Print exactly the lines that run from the first line of the material to the line containing "6MDAN-1P5: 230V single-phase", both ends included, and skip the pictures.

• **GIVEN MATERIAL**:
————————
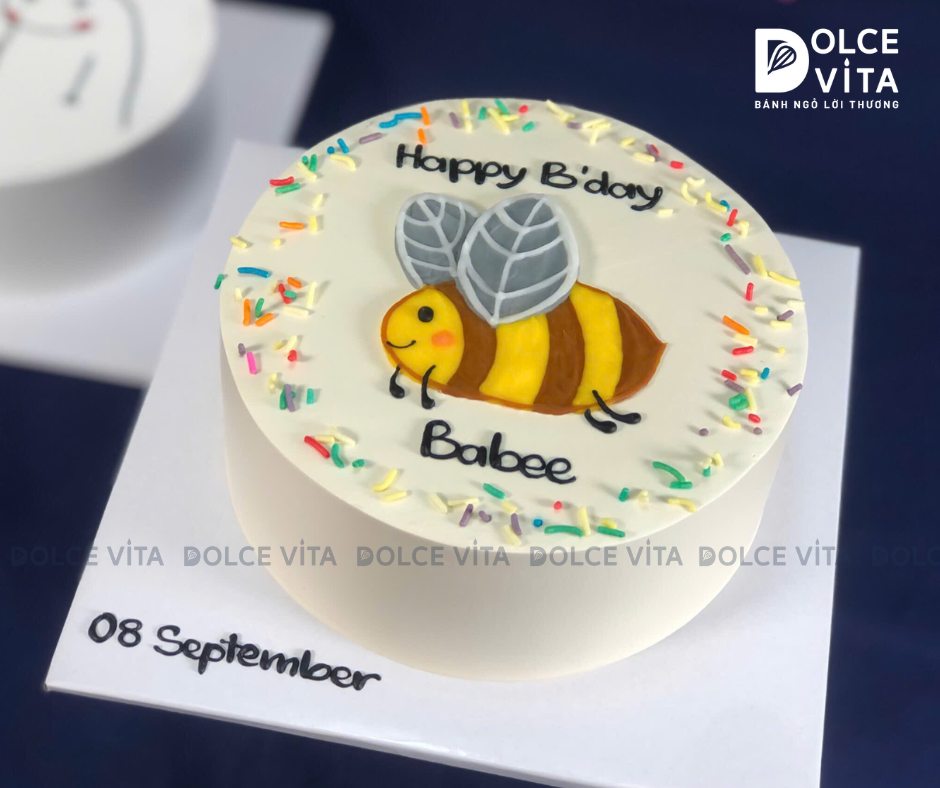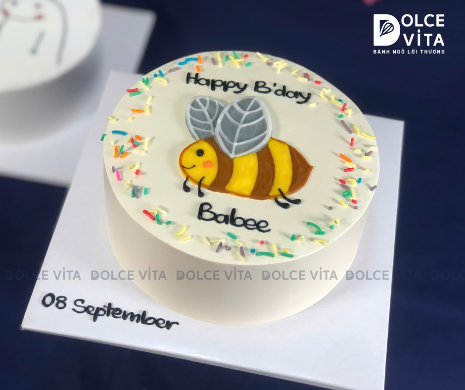 Một chú ong nhỏ nhắn, đôi cánh trong veo, thân mình vàng đen nổi bật… nay xuất hiện trên chiếc bánh kem với phong cách tươi sáng và đáng yêu. Hình vẽ chú ong không chỉ dễ thương, mà còn mang đến năng lượng tích cực, vui nhộn cho bữa tiệc.
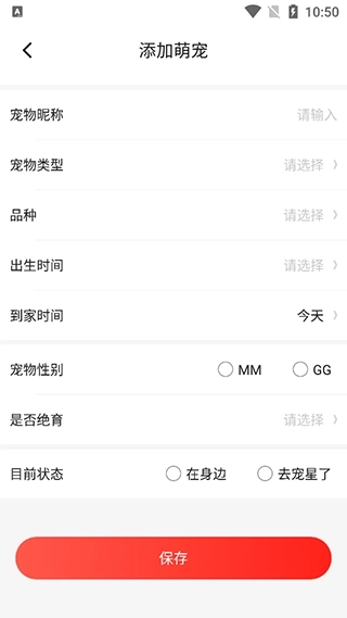 2、添加完成后,可根据页面显示功能对爱宠的信息进行补充;
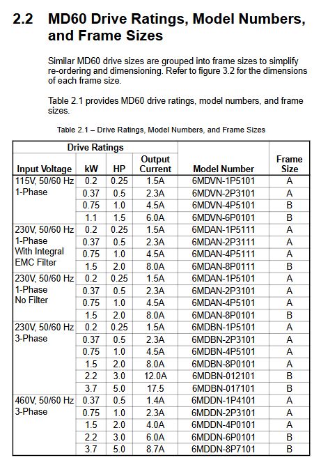 6MDAN-1P5: 230V single-phase input, 0.2kW, including EMC filter.
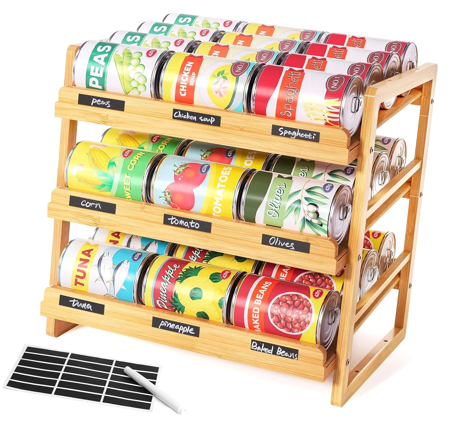 Amazon.com: Yumkfoi Bamboo Can Rack Organizer, 3 Tier Stackable Can ...
————————
• **PROBLEM SOLUTION**:
 Một chú ong nhỏ nhắn, đôi cánh trong veo, thân mình vàng đen nổi bật… nay xuất hiện trên chiếc bánh kem với phong cách tươi sáng và đáng yêu. Hình vẽ chú ong không chỉ dễ thương, mà còn mang đến năng lượng tích cực, vui nhộn cho bữa tiệc.
 2、添加完成后,可根据页面显示功能对爱宠的信息进行补充;
 6MDAN-1P5: 230V single-phase input, 0.2kW, including EMC filter.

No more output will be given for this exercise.